Since the English Premier League was created in 1992, 45 clubs have competed but only four have ever won the competition: Blackburn once, Arsenal three times, Chelsea three times, and Manchester United a whopping 12 times. The Scottish Premier League is an even more skewed tale. Two clubs, Celtic and Rangers, have won every title in the competition's history. Or consider La Liga in Spain, where Barcelona and Real Madrid routinely dominate. In the last seven years, only one other team has finished in the top two, when Villarreal came second in 2007-2008.(Villarreal just lost 5-0 to Barcelona)
Success breeds success. In Spain, for instance, the 20 clubs in La Liga individually negotiate for television revenues in free market fashion.
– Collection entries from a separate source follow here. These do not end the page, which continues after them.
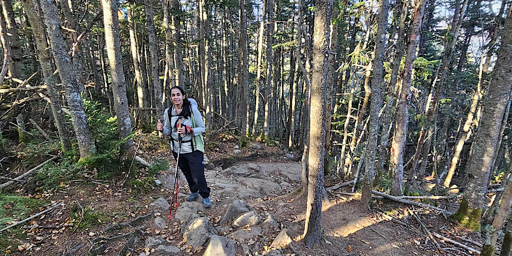 A many time returning guest from New Jersey was making the drive up to hike with us to grab the Southern Presidentials — at least from Eisenhower to Jackson, that is. The reason: plugging holes in her quest to complete all of the 4000-footers. In typical hiker fashion, she decided to make the trip even more worthwhile adding an extra day so as to tackle two more peaks, namely the Osceolas. Her guide on both days was Redline Guide Debra McCown who reported: “We had great weather and views, she loved the trails, and she accomplished a challenging feat: climbing the infamous Osceola chimney!” Now for some photos…
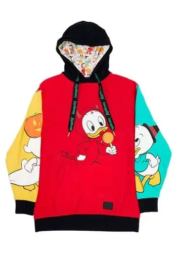 Sure, one Halloween costume is pretty cool. But what about three? Uncle Scrooge’s favorite nephews are dressed to go out trick-or-treating on this super comfortable Loungefly Disney Huey, Dewey, and Louie Halloween Hoodie. Each triplet gets his own color block that coordinates with his costume theme. The lined hood has an extra large drawstring cord that you’ll never lose. The kangaroo pocket on the front is big enough to fit both your hands (or all your Halloween candy!) It’s a casual, loose fit that Duck Tales fans of any age, size, or gender can enjoy.
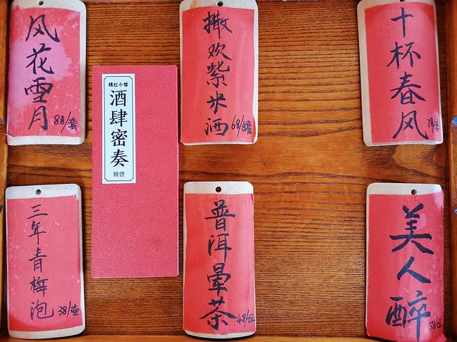 真不愧是古风酒肆的,进店就会发现浓浓的古风味,精致的木窗、桃花的点缀,甚至还有古筝可以试弹,音乐也是古风小曲,在营造氛围上还挺用心了的!
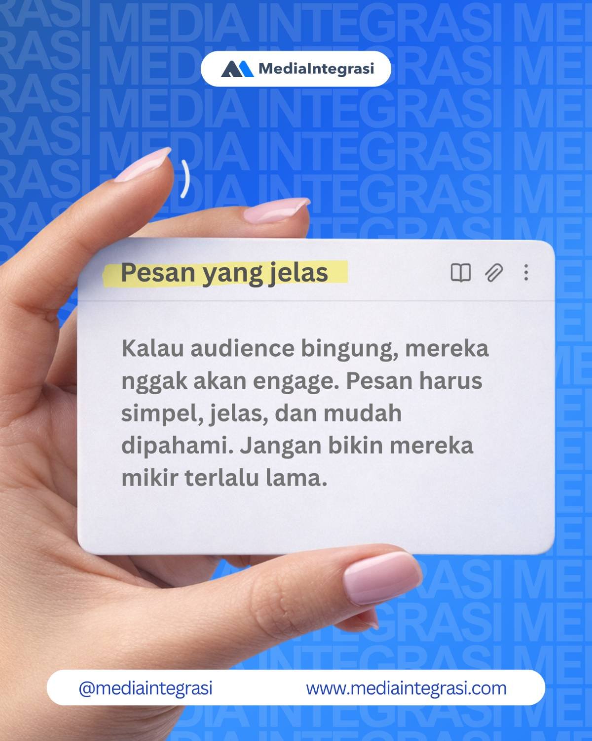 Kalau audience harus mikir terlalu lama, mereka akan skip. Pesan yang jelas bikin orang langsung paham dan lebih mudah engage. Fokus ke komunikasi yang ringkas tapi impactful.
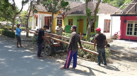 Het materiaal wordt aangevoerd met een kleine vrachtwagen, of met de becak.
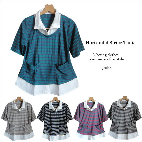 【クリックポスト対応可】ホワイトシャツ重ね着風トップス ボーダー グリーン 茶 ブラック ピンク カーキ M Lサイズ ストレッチ素材 春夏秋 半袖 レディース チュニック 半袖 特価 チュニック レディース 特価
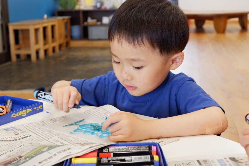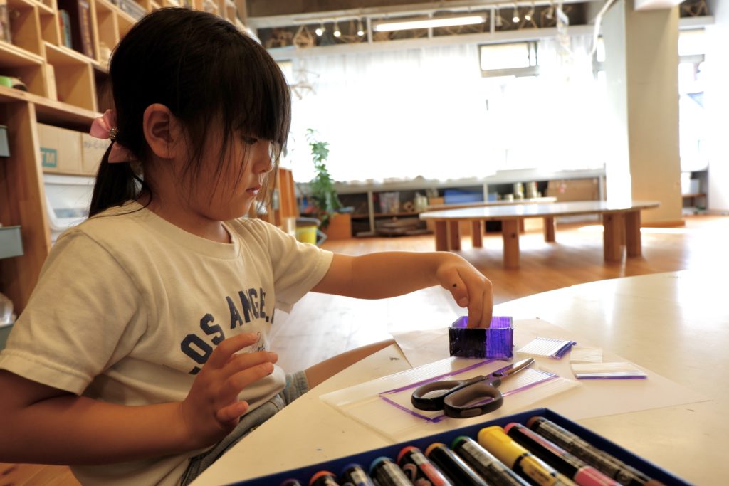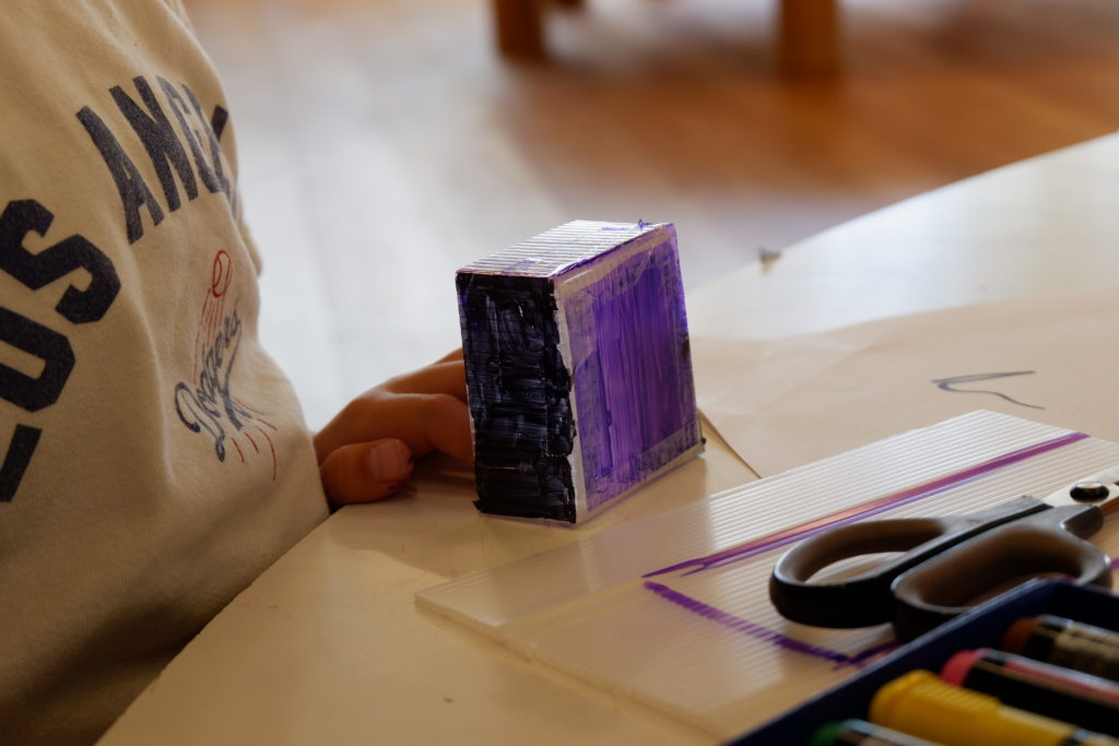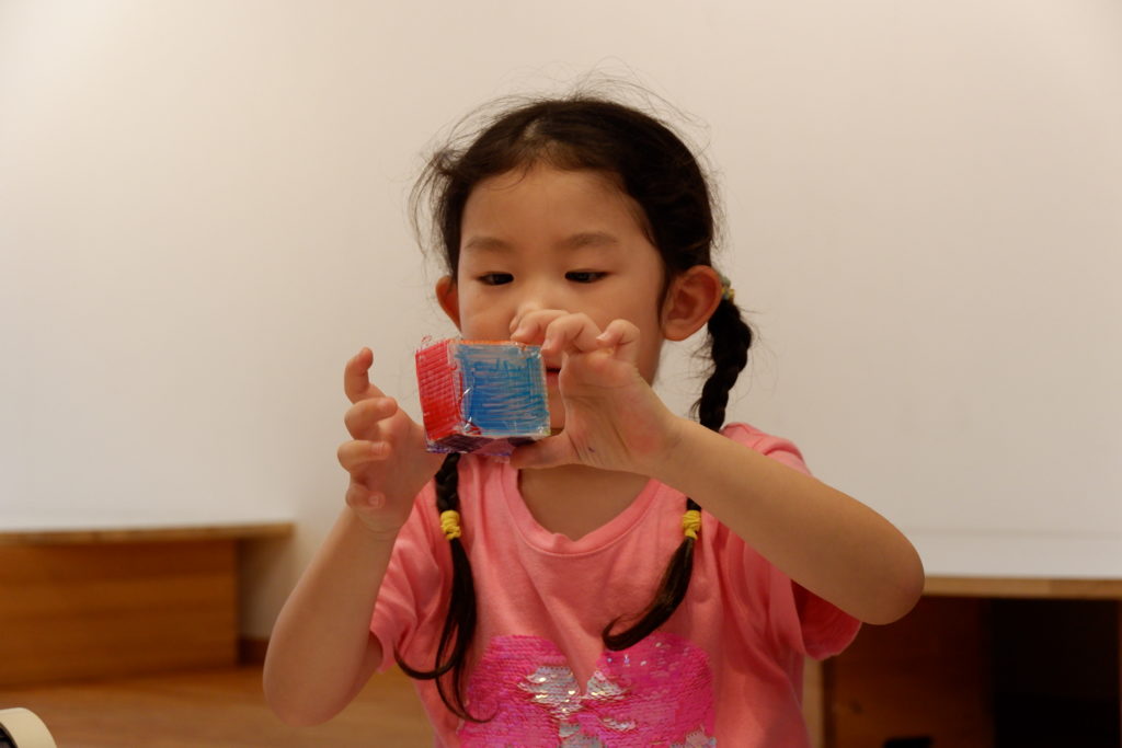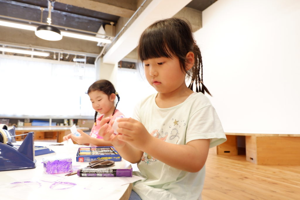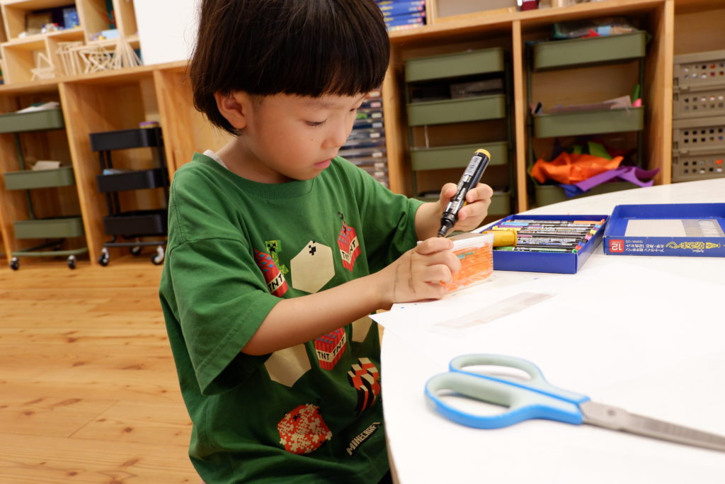 こちらの幼児コースは、プラスチックダンボールで作る立体物。プラスチックダンボールのなみなみを利用するとしっかり角を折ることができるので、底の形に合わせてなみなみ壁面部分をセロハンテープで貼っていくことで、簡単に立体物が作れます。

The predictable result is a feast for Real Madrid and Barcelona, who receive about half of the total revenues, while the other 18 clubs share the scraps from the table. In the 2009-2010 season, Real earned $190 million from television revenues, whereas their rivals Getafe received only a fraction of this amount - nine million Euros. Real's handsome bounty allowed it to buy the superstar Cristiano Ronaldo for a staggering $130 million. Ronaldo's contract has a buyout clause letting him leave Madrid - but only if another club stumps up $1.4 billion, or the GDP of Belize.
European football is a cut-throat capitalist world, where success is self-perpetuating. Clubs that win the league gain more revenue, purchase the best players, pay the highest wages, and then win the league again. In the same spirit of capitalism, the system mercilessly punishes failure. European football is based on a hierarchy of leagues with relegation and promotion. The worst performing teams slip down a division with potentially disastrous financial consequences.